Assigned task:
Starting at the line that contains "Pizza De Brócolis" and stopping at the line that contains "Despite heavy rain, about", transcribe every line of the material below exactly; pictures stay out.

===== Exercise input =====

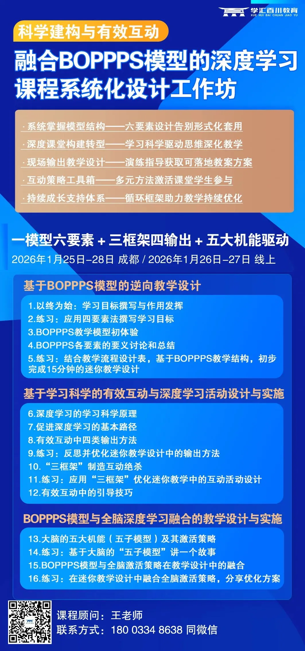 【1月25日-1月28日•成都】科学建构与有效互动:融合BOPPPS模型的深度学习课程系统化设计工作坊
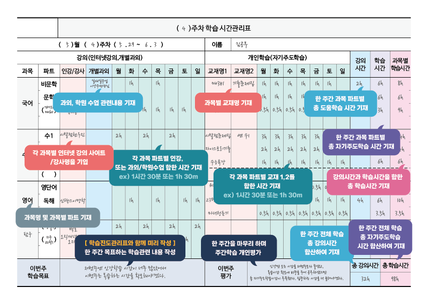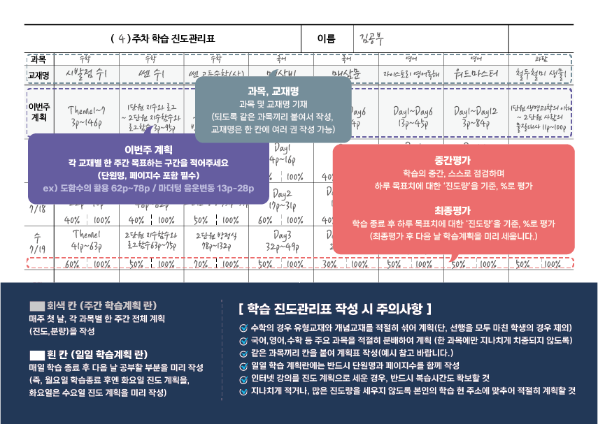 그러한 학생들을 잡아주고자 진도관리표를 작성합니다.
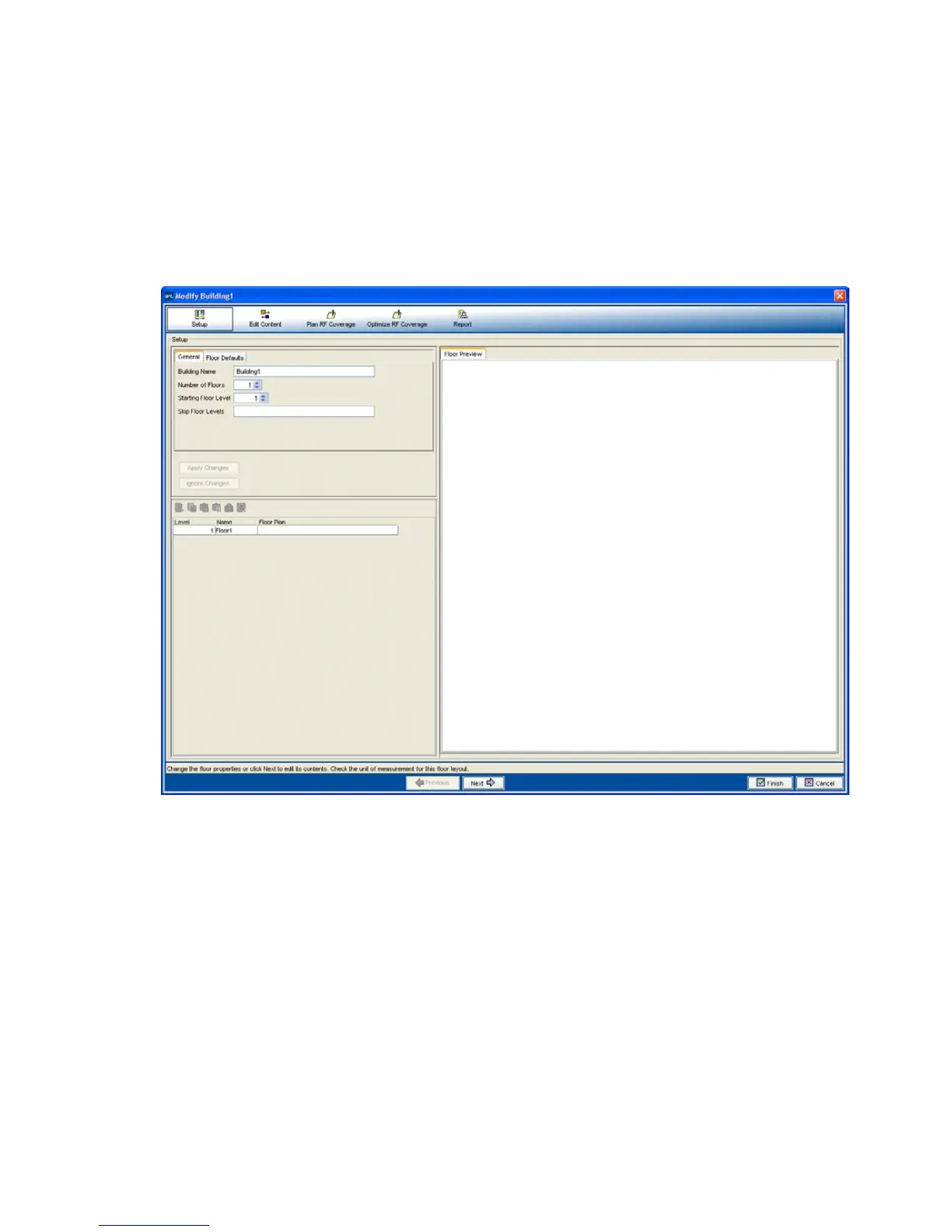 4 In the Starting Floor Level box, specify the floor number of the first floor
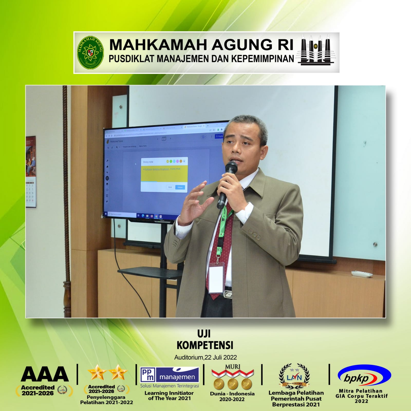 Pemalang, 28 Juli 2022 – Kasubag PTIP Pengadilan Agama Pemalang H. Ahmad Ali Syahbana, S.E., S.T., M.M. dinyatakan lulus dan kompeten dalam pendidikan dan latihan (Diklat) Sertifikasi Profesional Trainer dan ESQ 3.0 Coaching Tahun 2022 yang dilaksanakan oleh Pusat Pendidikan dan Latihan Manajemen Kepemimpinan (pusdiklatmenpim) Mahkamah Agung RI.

=====
===== Exercise input =====

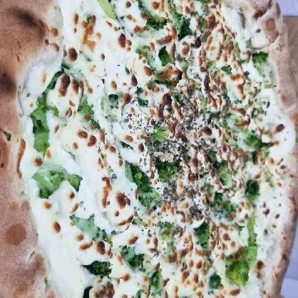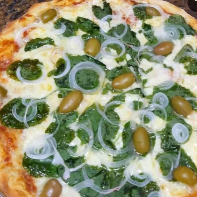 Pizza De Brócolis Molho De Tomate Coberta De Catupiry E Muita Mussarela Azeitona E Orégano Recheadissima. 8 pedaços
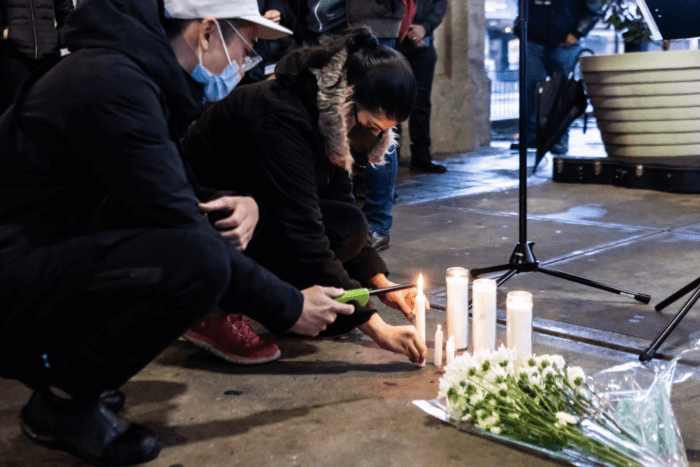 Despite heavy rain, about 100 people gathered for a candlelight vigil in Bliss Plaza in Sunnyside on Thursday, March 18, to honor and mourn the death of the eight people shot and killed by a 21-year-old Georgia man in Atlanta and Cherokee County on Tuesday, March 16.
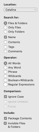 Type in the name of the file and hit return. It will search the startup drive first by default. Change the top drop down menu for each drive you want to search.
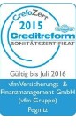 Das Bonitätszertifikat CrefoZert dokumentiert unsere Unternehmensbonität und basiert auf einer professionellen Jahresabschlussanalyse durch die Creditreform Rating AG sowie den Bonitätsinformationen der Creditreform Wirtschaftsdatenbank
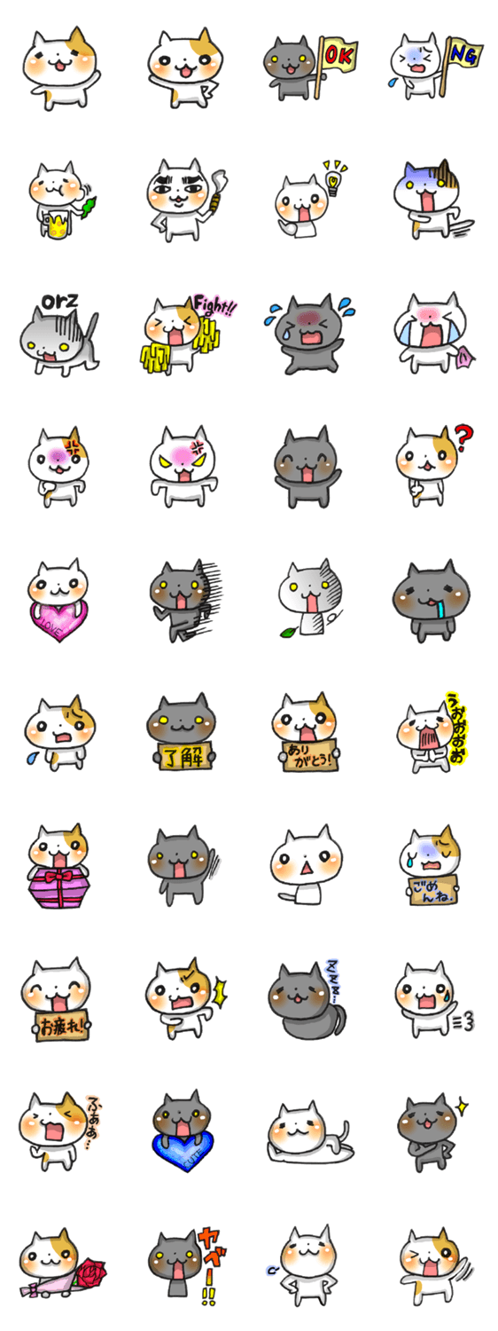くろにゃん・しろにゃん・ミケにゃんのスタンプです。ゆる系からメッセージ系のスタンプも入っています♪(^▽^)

=====

Your response:
 Pizza De Brócolis Molho De Tomate Coberta De Catupiry E Muita Mussarela Azeitona E Orégano Recheadissima. 8 pedaços
 Despite heavy rain, about 100 people gathered for a candlelight vigil in Bliss Plaza in Sunnyside on Thursday, March 18, to honor and mourn the death of the eight people shot and killed by a 21-year-old Georgia man in Atlanta and Cherokee County on Tuesday, March 16.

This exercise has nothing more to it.